Work request: The reply must consist of the complete listing, reproduced exactly, with no images included.

Dataset extract:
══════

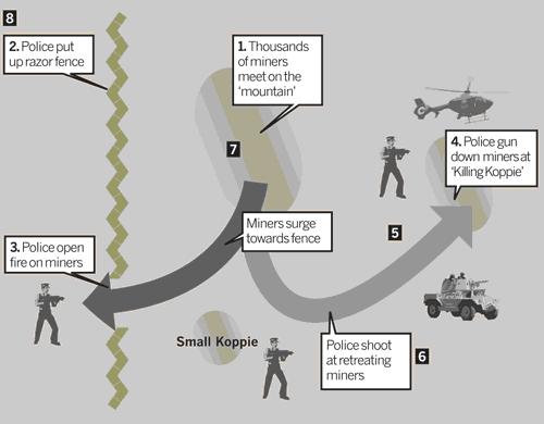 Wir befragten überlebende Minenarbeiter und schauten uns den realen Schauplatz des Massakers an. Was wir fanden, ist sogar schockierender als die Geschichte, die in den Medien präsentiert wurde, selbst hier in Südafrika. Folgende Ereignisse sind wie auf der Grafik nummeriert.
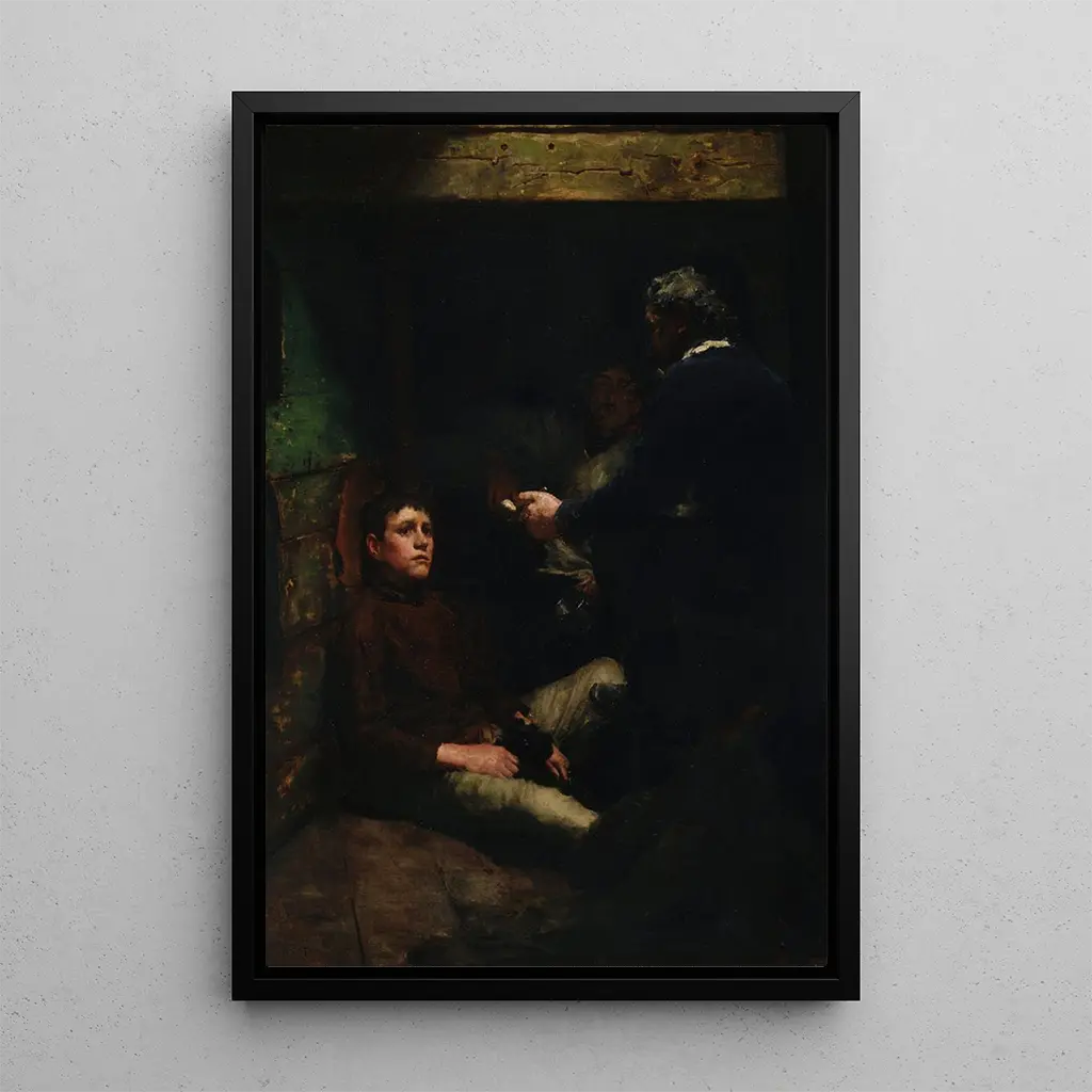 La obra "Una historia de marin" de Henry Scott Tuke evoca con delicadeza la belleza del mundo marítimo. Este cuadro, bañado en luz, presenta a un joven marin, cuyo rostro se ilumina con los rayos del sol. Los colores vibrantes, que van desde los azules profundos del mar hasta los tonos dorados de la arena, crean una atmósfera cálida y acogedora. La técnica de Tuke, caracterizada por pinceladas fluidas y una atención minuciosa a los detalles, da vida a esta escena, transportando al espectador a un momento de tranquilidad y contemplación. La impresión artística invita a escapar hacia costas lejanas, donde el mar y el cielo se encuentran en una armonía perfecta.
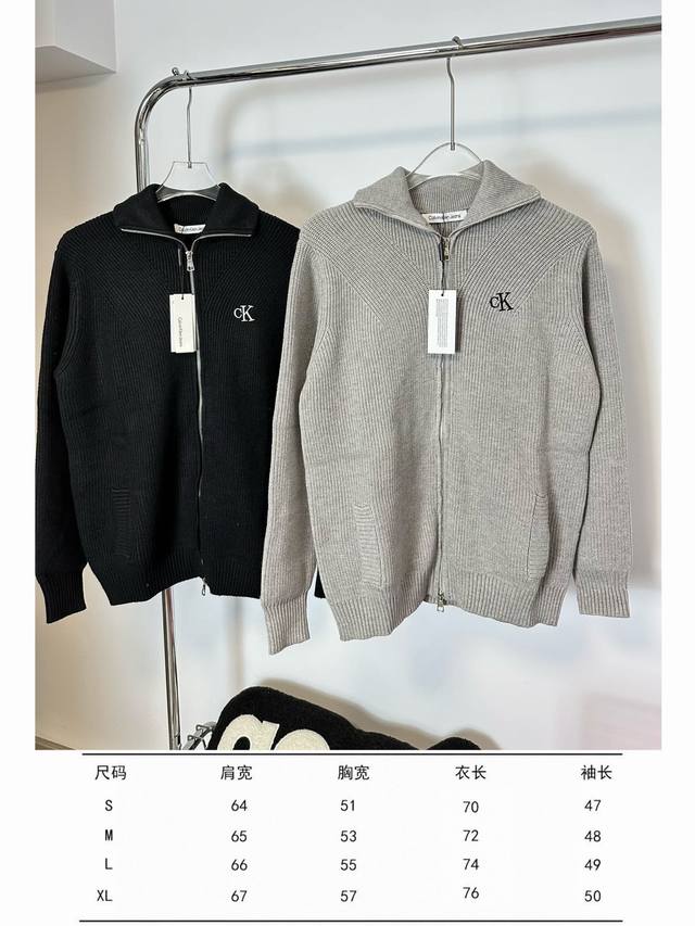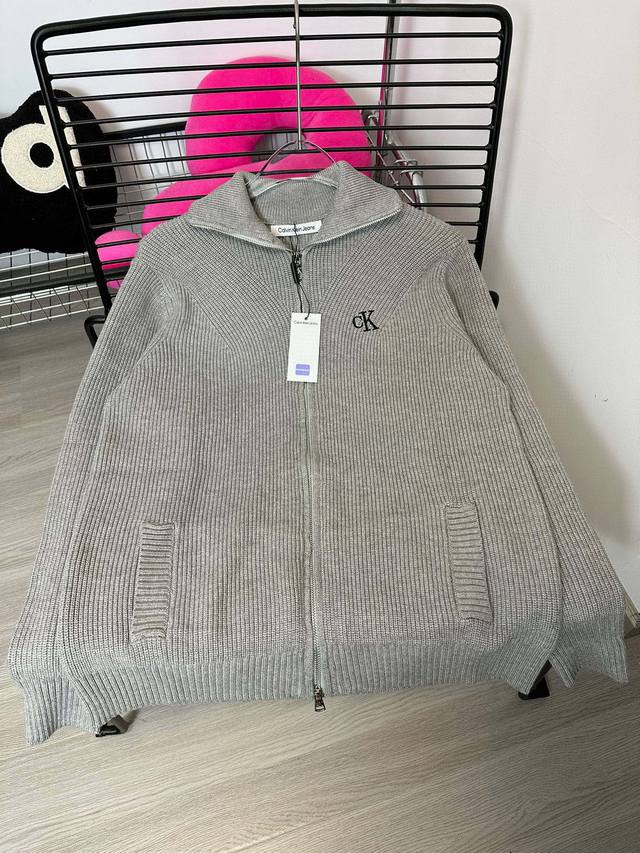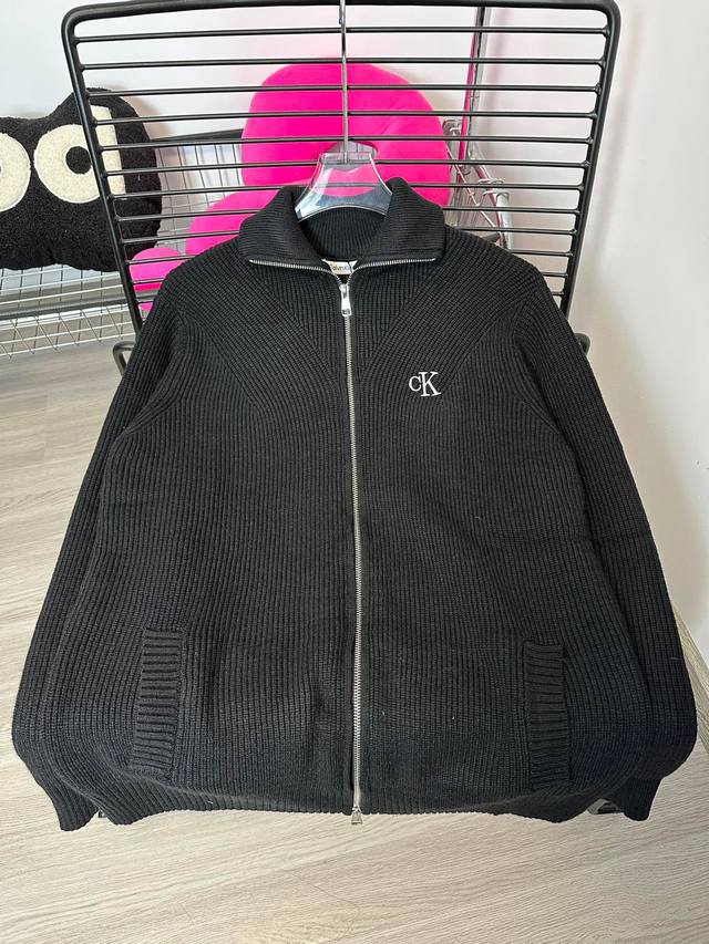 Ck chest embroidery stand collar knitted jacket Calvin Klein counter same style

══════

Answer section:
 Wir befragten überlebende Minenarbeiter und schauten uns den realen Schauplatz des Massakers an. Was wir fanden, ist sogar schockierender als die Geschichte, die in den Medien präsentiert wurde, selbst hier in Südafrika. Folgende Ereignisse sind wie auf der Grafik nummeriert.
 La obra "Una historia de marin" de Henry Scott Tuke evoca con delicadeza la belleza del mundo marítimo. Este cuadro, bañado en luz, presenta a un joven marin, cuyo rostro se ilumina con los rayos del sol. Los colores vibrantes, que van desde los azules profundos del mar hasta los tonos dorados de la arena, crean una atmósfera cálida y acogedora. La técnica de Tuke, caracterizada por pinceladas fluidas y una atención minuciosa a los detalles, da vida a esta escena, transportando al espectador a un momento de tranquilidad y contemplación. La impresión artística invita a escapar hacia costas lejanas, donde el mar y el cielo se encuentran en una armonía perfecta.
 Ck chest embroidery stand collar knitted jacket Calvin Klein counter same style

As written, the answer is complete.